Fetales Kälberserum (FKS) wird aus dem Blut von Rinderfeten gewonnen und ist ein Hauptbestandteil vieler Nährmedien, die in der Forschung für die Kultivierung von Zellen benötigt werden. Zellen entwickeln sich darin optimal. Im Zusammenhang mit zellbasiertem Fleisch damit zu arbeiten ist für mich völlig undenkbar. Die Gewinnung von FKS erfolgt so: Der Fetus wird nach Schlachtung der Mutterkuh aus der Gebärmutter entnommen und sein Blut durch Herzpunktion gewonnen. Das ist höchst unethisch.  

Sie suchen daher nach einer Alternative. Was macht ein gutes Nährmedium aus?

Es kommt auf die richtige Zusammensetzung der zum Zellwachstum benötigten Bestandteile an. Ähnlich unserer Nahrung benötigen tierische Zellen Kohlenhydrate, besonders Glucose, Fettsäuren, Aminosäuren, Mineralstoffe und Vitamine und einige weitere Komponenten, um sich zu entwickeln. Wir erforschen insbesondere, welche Wachstumsfaktoren und Hormone speziell für unsere Zellen notwendig sind. 

Wie erfolgreich sind Sie dabei? 

Wir machen große Fortschritte. Aber obwohl wir mit unseren Alternativmedien versuchen, den Zellen alles zuzufügen, was sie zum Wachstum brauchen, sehen wir: etwa 50 Prozent der Vermehrungseffizienz gehen verloren, wenn auf das beschriebene Kälberserum verzichtet wird. Unsere Aufgabe ist, diese Effizienz bei der Zellteilung und beim Zellwachstum durch Einsatz von Alternativen wieder zu steigern. Dafür schauen wir uns beispielsweise an, welche Inhaltsstoffe der Sauenmilch bei Ferkeln Wachstum bewirken. Diese Komponenten geben wir dann dem Basismedium bei.

„Muss kultiviertes Fleisch aussehen wie ein Steak? Wie eine Wurst? Ich möchte vor allem, dass es schmeckt wie herkömmliches Fleisch.“

Eine Zellmasse, wie sie dann entsteht, ist noch keine Wurst. 

Noch nicht voll ausgereift ist, wie wir das Zellwachstum so lenken können, dass sich adulte Muskelfasern entwickeln und wie wir eine 3D-Struktur schaffen. Wir prüfen dazu unter anderem das 3D-Bioprinting. Die Frage ist aber auch: Muss kultiviertes Fleisch aussehen wie ein Steak? Wie eine Wurst? Ich möchte vor allem, dass es schmeckt wie herkömmliches Fleisch. 

Wann liegt kultiviertes Fleisch in Deutschland auf dem Teller? 

Unsere Prognose ist, dass wir 2024 einen Prototyp haben und 2026 ein richtig gutes Produkt. Wir wollen mit Wurst starten, die wird in Deutschland generell gut verkauft. 2026 wissen wir auch, wie wir unser zellbasiertes Fleisch in größerem Maßstab herstellen wollen. 

Das heißt, in drei Jahren gibt’s ein Grillfest mit eigenen Würstchen? 

Vielleicht.

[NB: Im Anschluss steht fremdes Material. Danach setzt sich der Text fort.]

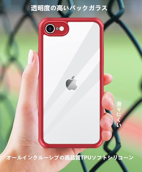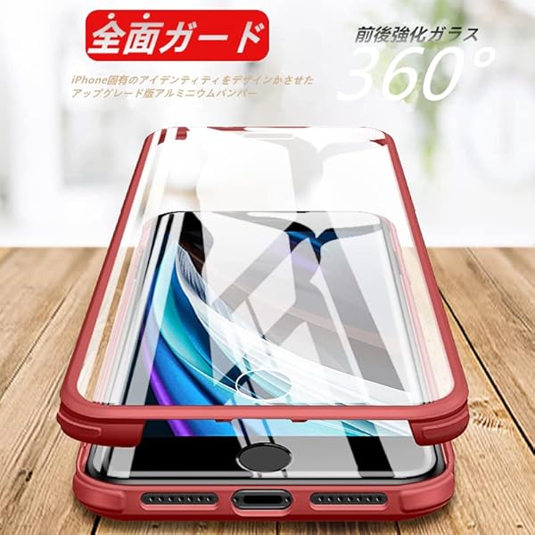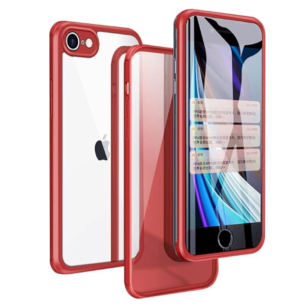 iPhoneSE ケース 両面ガラス 表面 強化ガラス +背面 強化ガラス シリコン バンパー 高タッチ感度 360°全面保護 表裏フルカバー クリア 透明 前面液晶ガラス 背面ガラス クリアケース 擦り傷防止 ワイヤレス充電対応 (iPhone8 / SE2 / SE3 レッド)
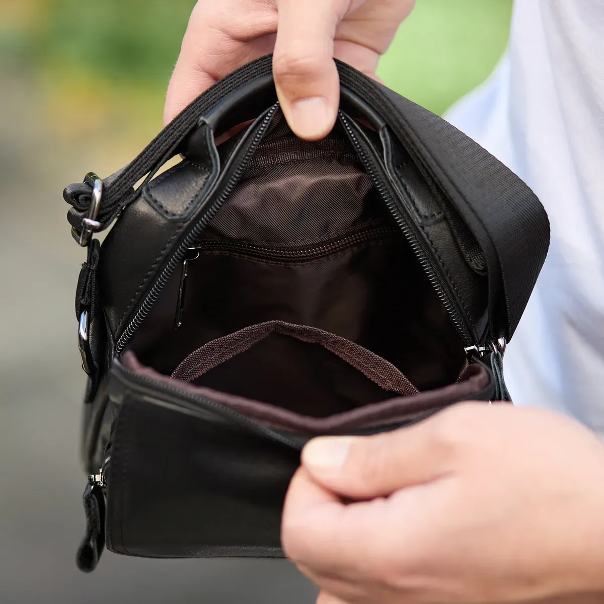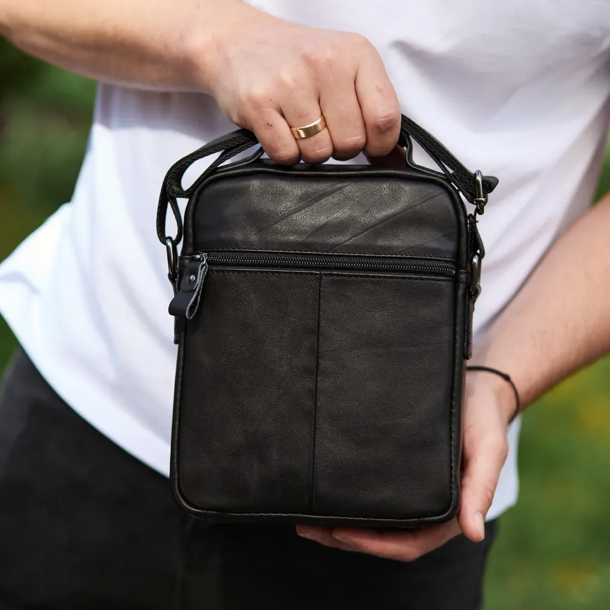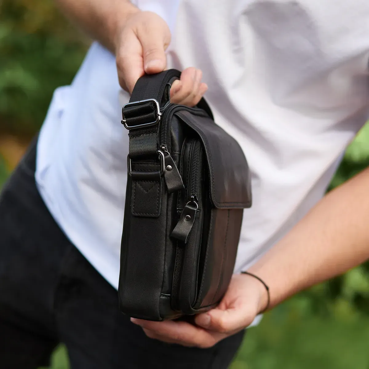 Доволі вмістовна чоловіча сумка через плече, виконана з м'якої високоякісної натуральної шкіри. Має одне основне відділення. З тильної частини сумки знаходиться кишеня на блискавці, а з лицьової частини – глибоке відділення без застібки під накидкою та додаткове відділення на блискавці. Відділення застібаються за допомогою якісної фурнітури. Внутрішнє оздоблення сумки - щільна підкладка. Ремінь сумки текстильний, не знімний.
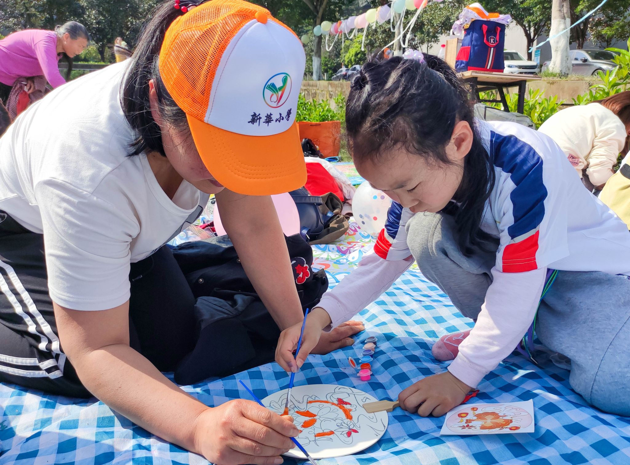“绘”春光,描“玉兔”,亲子共创纸团扇。在志愿者们准备的团扇上,“亲子”共同执笔将快乐时光的暂停键化作五彩斑斓的颜料,“玉兔”、“蝴蝶”、“迎春花”等跃然纸上,栩栩如生,最后孩子们一起展示的不只是画作,也是亲子距离拉近的见证。共绘团扇不仅锻炼了家长们陪护孩子时的耐心,更是将团扇的文化内涵种植在了小朋友们的心中,提升了孩子们的传统文化素养。

Aber um das Ganze in einen technologischen Prozess umzusetzen, vergehen sicherlich noch einmal zwei Jahre. Geklärt werden muss, wer überhaupt in der Lage sein könnte, zellbasiertes Fleisch in größerem Umfang zu produzieren. Es entstehen derzeit Firmen, die spezielle Bioreaktoren herstellen wollen. Dass es die gibt, wäre ja eine der Voraussetzungen für die Produktion. Prognosen zufolge sollen aber bereits 2030 zehn Prozent des weltweit konsumierten Fleisches kultiviertes Fleisch sein. 

 

Zur Person

Dr. med. vet. habil. Monika Röntgen ist Zellforscherin am Forschungsinstitut für Nutztierbiologie (FBN) Dummerstorf. Dort leitet sie die Abteilung „Muskelwachstum und Entwicklung“. Sie ist außerdem die Leiterin des Forschungskonsortiums „CELLZERO Meat“.